Most people will find it's easier to first obtain a set of (hopefully) final results and then work on how to present them. We would not recommend running esttab until you are reasonably confident you've arrived at the results you want to publish.
Installing esttab
Since the estout package is not part of official Stata, you must install it before using it. It is available from the Statistical Software Components (SSC) archive and can be installed using the ssc install command in Stata:
ssc install estout
You only need to do this once—do not put this command in your research do files.

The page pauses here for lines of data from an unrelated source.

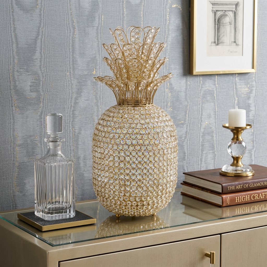 Glamorous and fabulous, this 23" Glam Bling Faux Crystal and Gold Pineapple will make a great statement piece. This gorgeous gold pineapple is adorned with faux crystals that give it lots of sparkly and fashionable appeal. Use as a great accent piece on your dining table, coffee table, console table and more. Includes a space at the base to hold a tea light which when lit will magnify the sparkles even more! 23" x 10" x 10"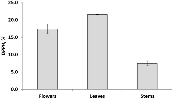 The total phenolic content (TPC) was determined by reaction with the Folin–Ciocalteu reagent [8]. The extracts were preliminarily diluted 100 times. Then, the optical density was measured at a wavelength of 765 nm. Calibration was carried out using gallic acid in the concentration range of 10–200 µg/mL; calibration equation: y = 4.630x + 45.505 (R2 = 0.9979). The total content of phenolic components was expressed in mg of gallic acid equivalent (GAE) per gram of plant material.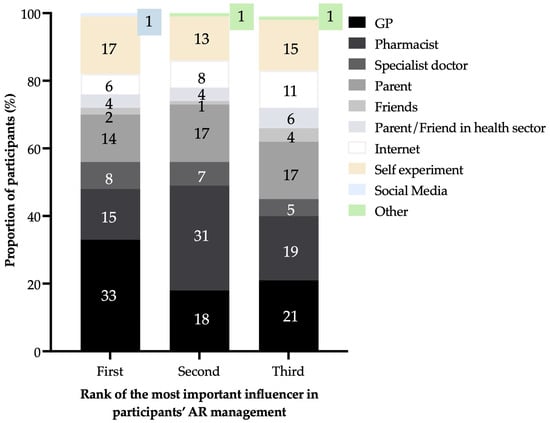 Participants ranked the three most important influencers in their AR management in Figure 9. Overall, GPs were the most important influencer followed by pharmacists. Comparing the three rankings, GPs were the most important influence in the first (33%) and third (21%) rankings, whereas pharmacists were most important in the second rank (31%).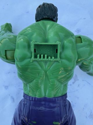 Figura de Hulk de Marvel (Hasbro 2017) en buen estado general. ✔️ Tamaño grande (aprox. 30 cm) ✔️ Articulaciones en brazos ✔️ Ideal para jugar o colección 🔹 IMPORTANTE: le falta la pieza/accesorio trasero (ver fotos), por eso el precio es más bajo. Tiene algún pequeño roce del uso, pero está bien conservado. 💥 Perfecto para fans de Hulk o para niños.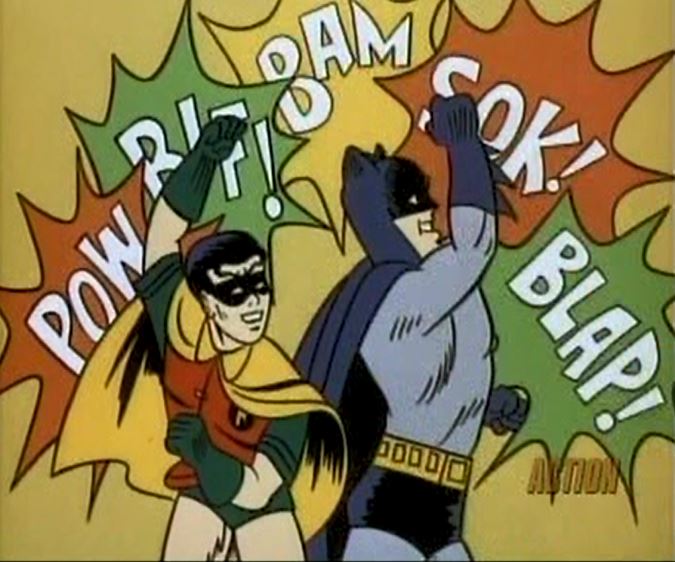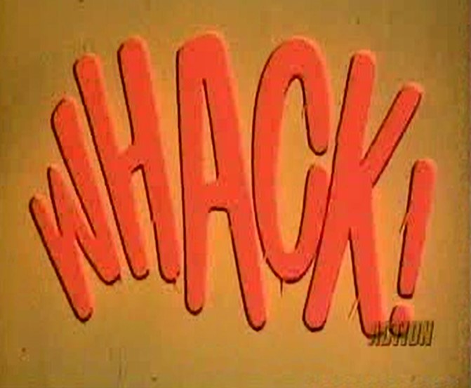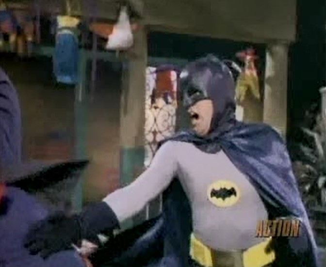 Pow! Every episode seemed to feature a fight scene. All actors involved made sure to ham it up to the max. In this one, Batman does some great Judo chops, whist Robin and Batgirl rely on flying leg kicks.
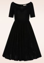 Waan je een classy celebrity Diva in deze onweerstaanbaar swing dress! Dit seizoen hebben onze eigen in-house ontwerpers zich laten inspireren door de iconische stijl van Ava Gardner in de film ‘Barefoot Contessa’. Classy, super vrouwelijk en een tikkeltje sassy. Uitgevoerd in een stevige maar stretchy, high quality, zwarte viscosemix die een genot is om te dragen en gracieus met je meebeweegt. Hollywood of Holland? Het maakt niets uit… jij bent de hoofdrolspeelster zodra je deze stunner aantrekt! * Swing model * Gevoerde top * Diamantvormige halslijn * 3/4 pofmouwtjes met omslagjes * Afneembare roos corsage * Blinde rits achterzijde * Elisabeth (Barinovael) is 1,67 m: haar pumps en accessoires zijn haar eigen treasures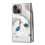 Protect your iPhone 13 Mini in style with this stylish wallet case featuring a white cat motif. It features a practical fold-out holder, compartments for cards and cash, and a secure magnetic closure.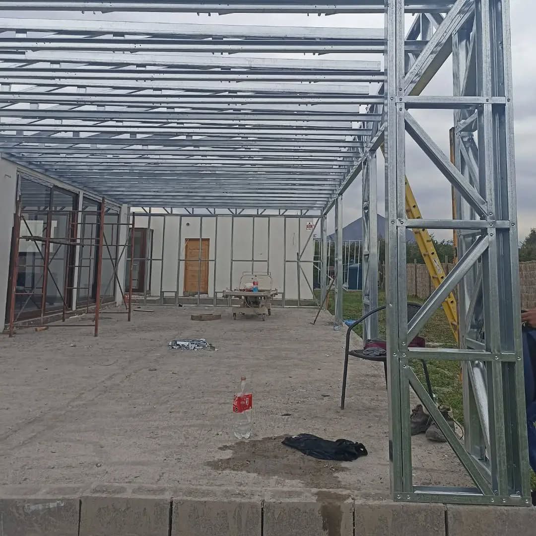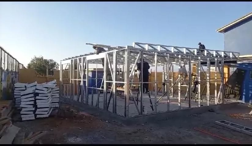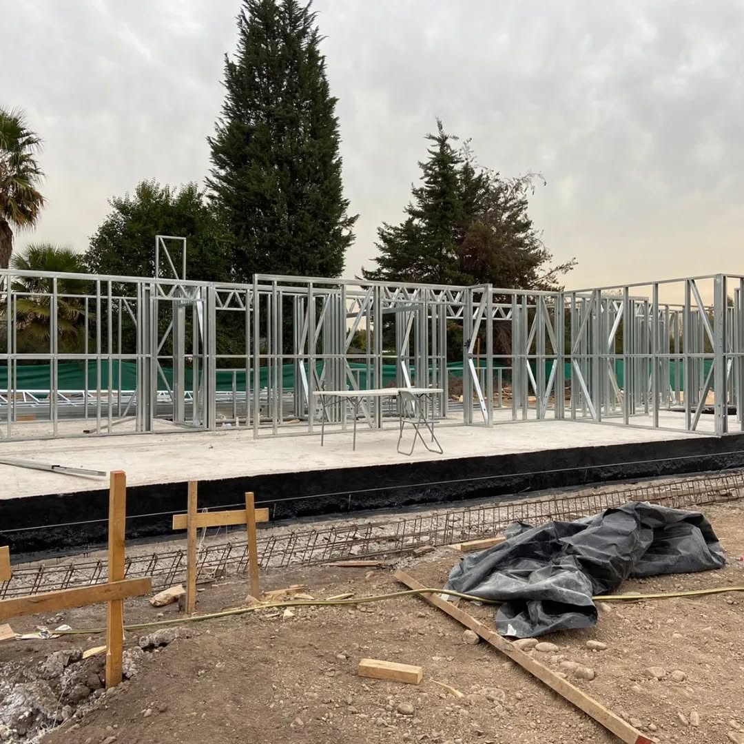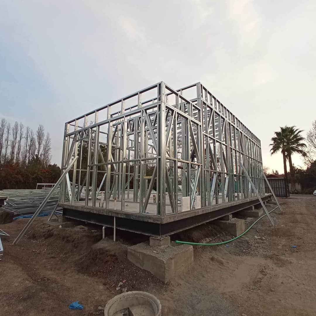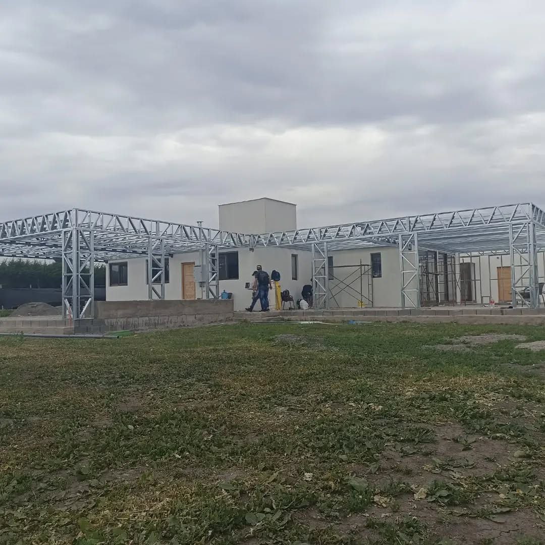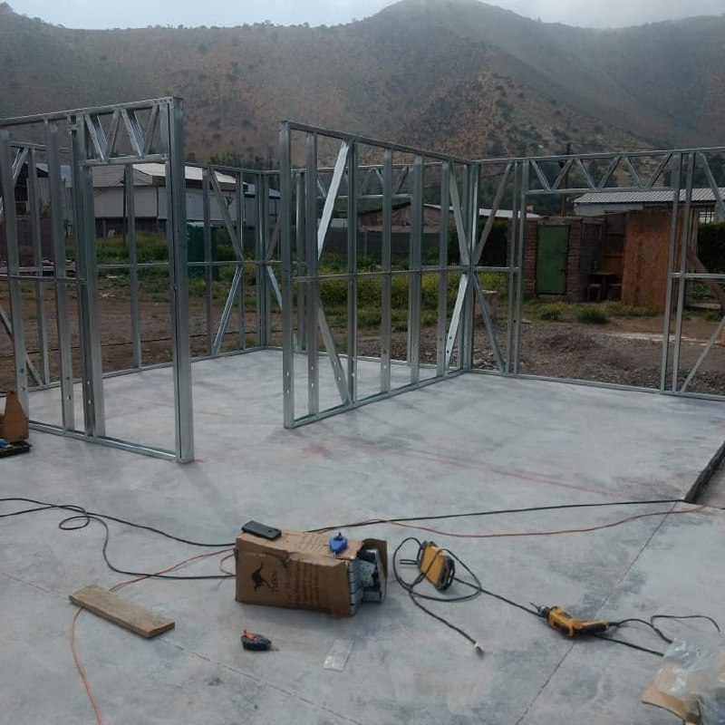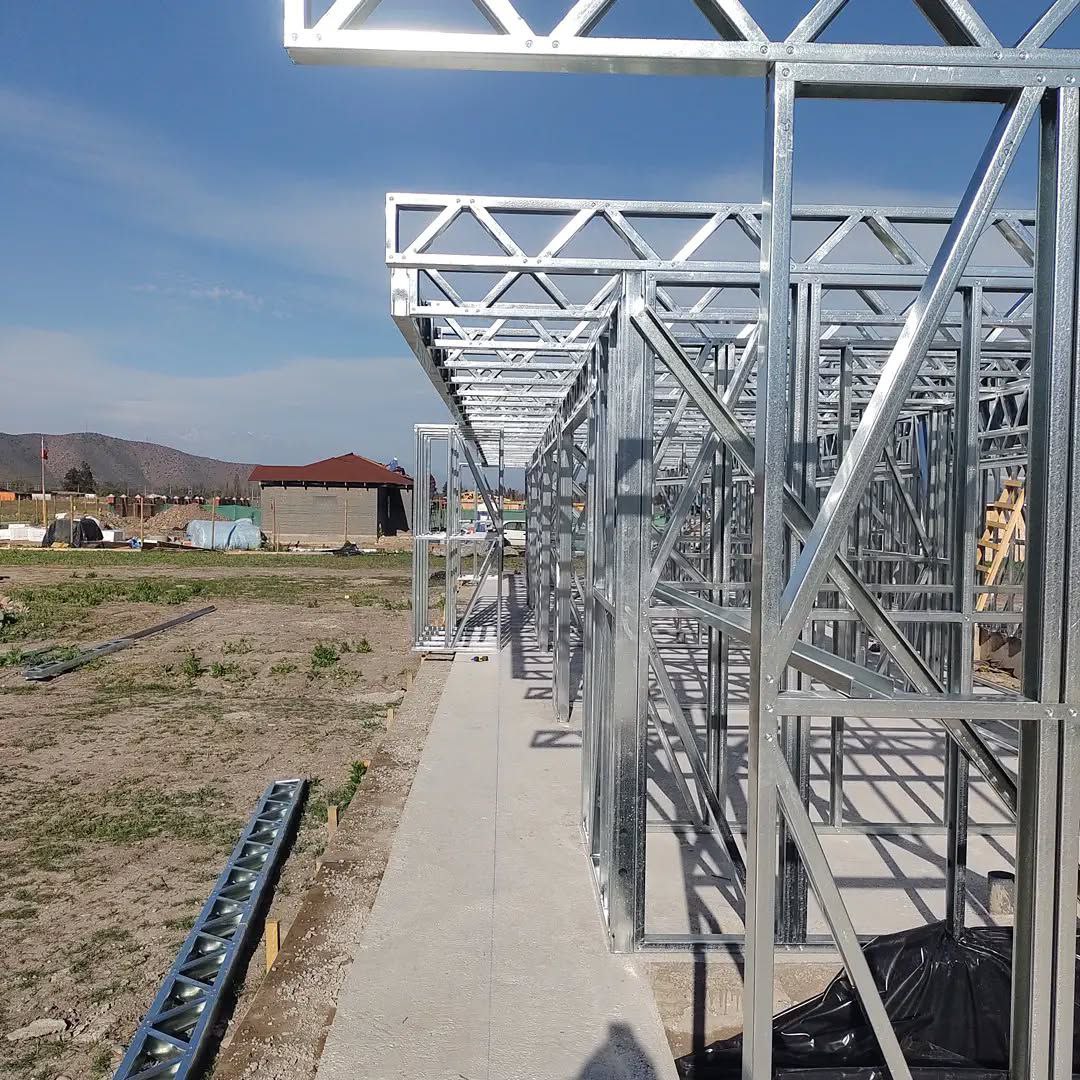 Está construida con perfiles de acero galvanizado tipo Steel Frame, una solución moderna, liviana y duradera, ideal para todo tipo de clima. La estructura ya se encuentra anclada sobre radier y cuenta con división de espacios claramente definidos, listos para recibir cerramientos y terminaciones. Este sistema permite una ejecución limpia, rápida y altamente precisa.
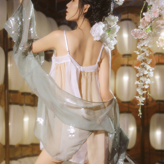万种风情 - 性感国风精品刺绣套装 (莲瓣粉)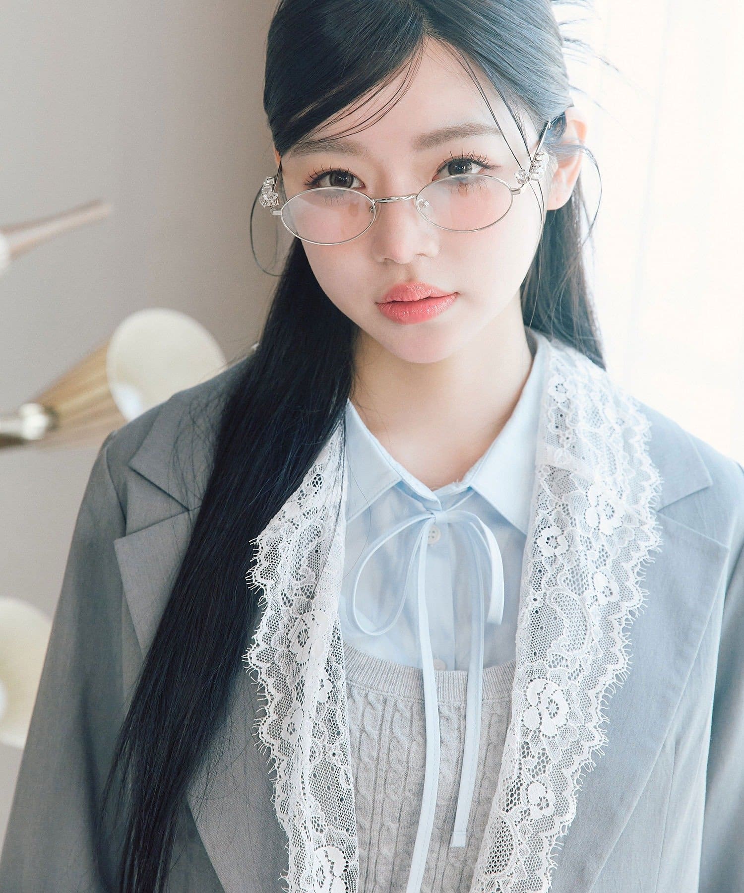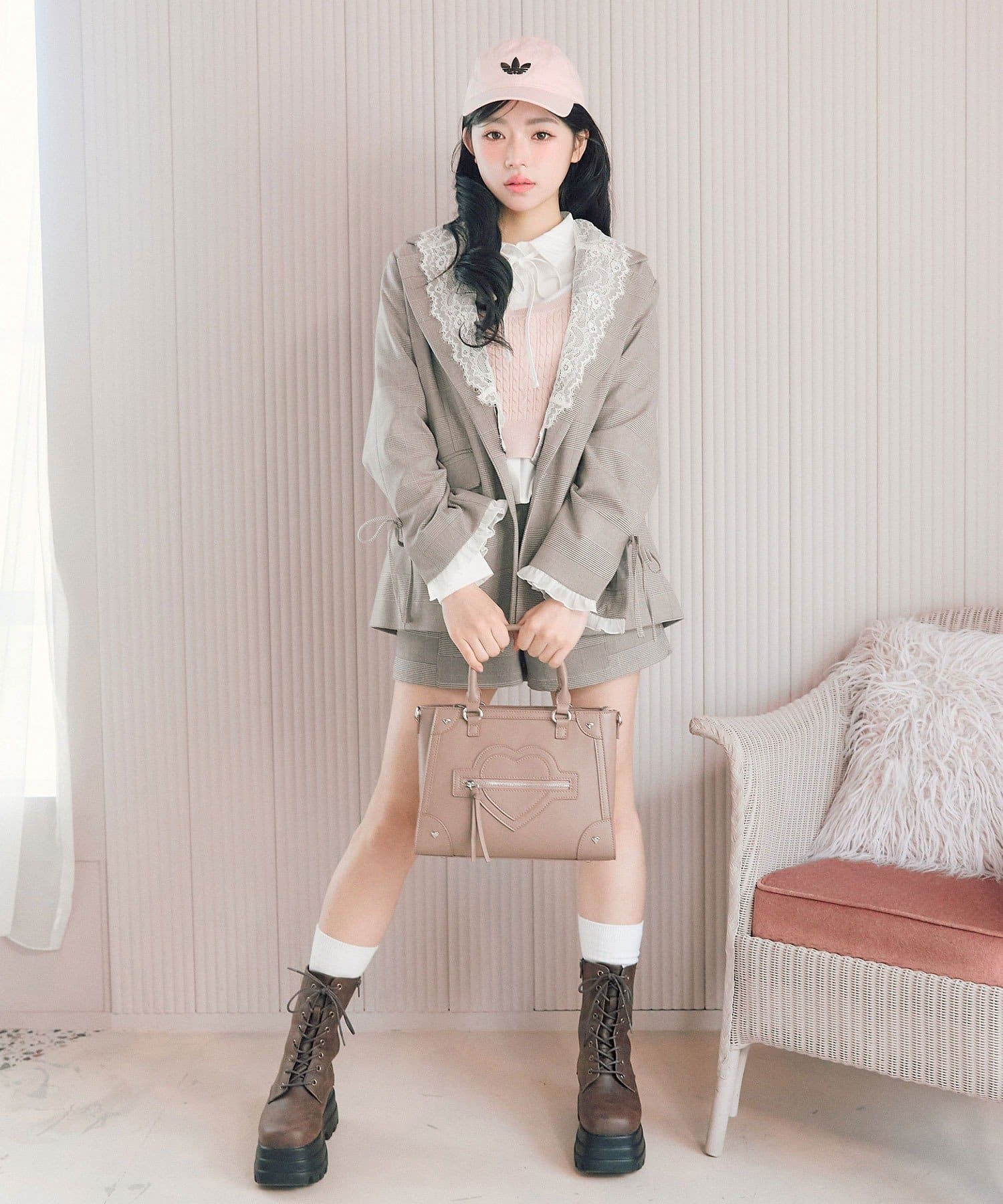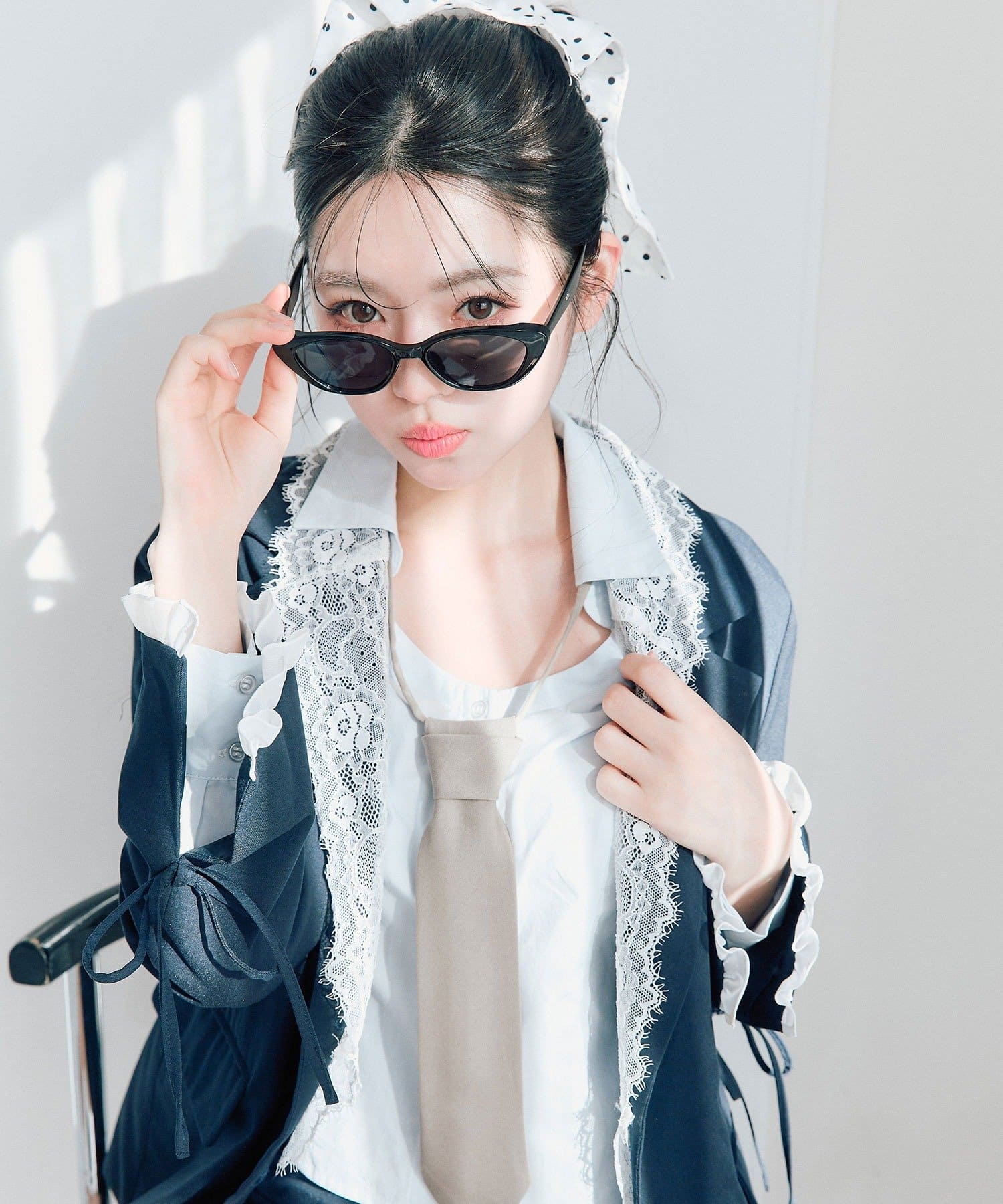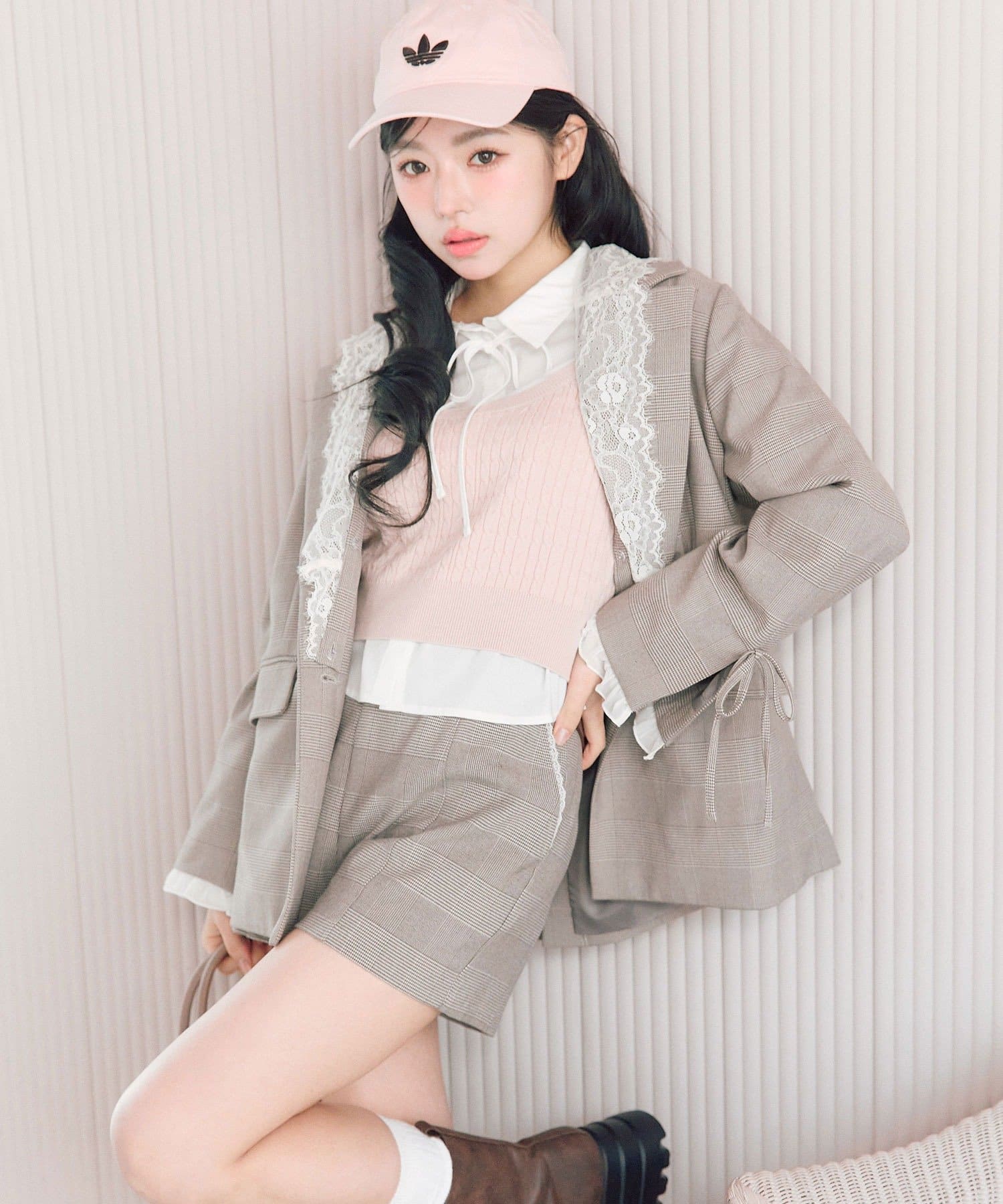・袖口のスリットで抜け感を作りつつ、さりげないリボンとフリルで手元までかわいい印象に。

Check for updates periodically using adoupdate.
Basics
The esttab command needs some results to act on, so load the auto data set that comes with Stata and run a basic regression:
sysuse auto
reg mpg weight foreign
You can see the basic function of esttab simply by running it without any options at all:
esttab
---------------------------- (1) mpg ---------------------------- weight -0.00659*** (-10.34) foreign -1.650 (-1.53) _cons 41.68*** (19.25) ---------------------------- N 74 ---------------------------- t statistics in parentheses * p<0.05, ** p<0.01, *** p<0.001
This puts the model results in a table within Stata's Results window. Viewing it in the Results window is useful for testing a table specification, but when you've got what you want you'll have esttab save it in the file format you're using for your paper. The default table contains many of the features you expect from a table of regression results in a journal article, including rounded coefficients and stars for significance. Note, however, that the numbers in parentheses are the t-statistics. Use the se option if you want to replace them with standard errors:
esttab, se
---------------------------- (1) mpg ---------------------------- weight -0.00659*** (0.000637) foreign -1.650 (1.076) _cons 41.68*** (2.166) ---------------------------- N 74 ---------------------------- Standard errors in parentheses * p<0.05, ** p<0.01, *** p<0.001
The esttab command uses the current contents of the e() vector (information about the last estimation command), not the results the last regression displayed. If you run a logit command with the or option Stata will display odds ratios:
logit foreign mpg, or
Logistic regression Number of obs = 74 LR chi2(1) = 11.49 Prob > chi2 = 0.0007 Log likelihood = -39.28864 Pseudo R2 = 0.1276 ------------------------------------------------------------------------------ foreign | Odds Ratio Std. Err. z P>|z| [95% Conf. Interval] -------------+---------------------------------------------------------------- mpg | 1.173232 .0616975 3.04 0.002 1.05833 1.300608 _cons | .0125396 .0151891 -3.62 0.000 .0011674 .1346911 ------------------------------------------------------------------------------
However, e(b) still contains the coefficients, and by default that is what esttab will display. It also labels the test statistics as t statistics rather than z statistics like the logit output does:
esttab
---------------------------- (1) foreign ---------------------------- foreign mpg 0.160** (3.04) _cons -4.379*** (-3.62) ---------------------------- N 74 ---------------------------- t statistics in parentheses * p<0.05, ** p<0.01, *** p<0.001
If you want odds ratios in your table, give esttab the eform (exponentiated form) option. If you want the table to say "z statistics in parentheses" rather than t use the z option (note that the z option does not change the numbers in any way):
esttab, eform z
---------------------------- (1) foreign ---------------------------- foreign mpg 1.173** (3.04) ---------------------------- N 74 ---------------------------- Exponentiated coefficients; z statistics in parentheses * p<0.05, ** p<0.01, *** p<0.001
Specifying the eform option prompts esttab to drop the constant term from the table, because it doesn't make much sense to talk about the odds ratio of the constant. However, you can override this behavior by specifying the constant option.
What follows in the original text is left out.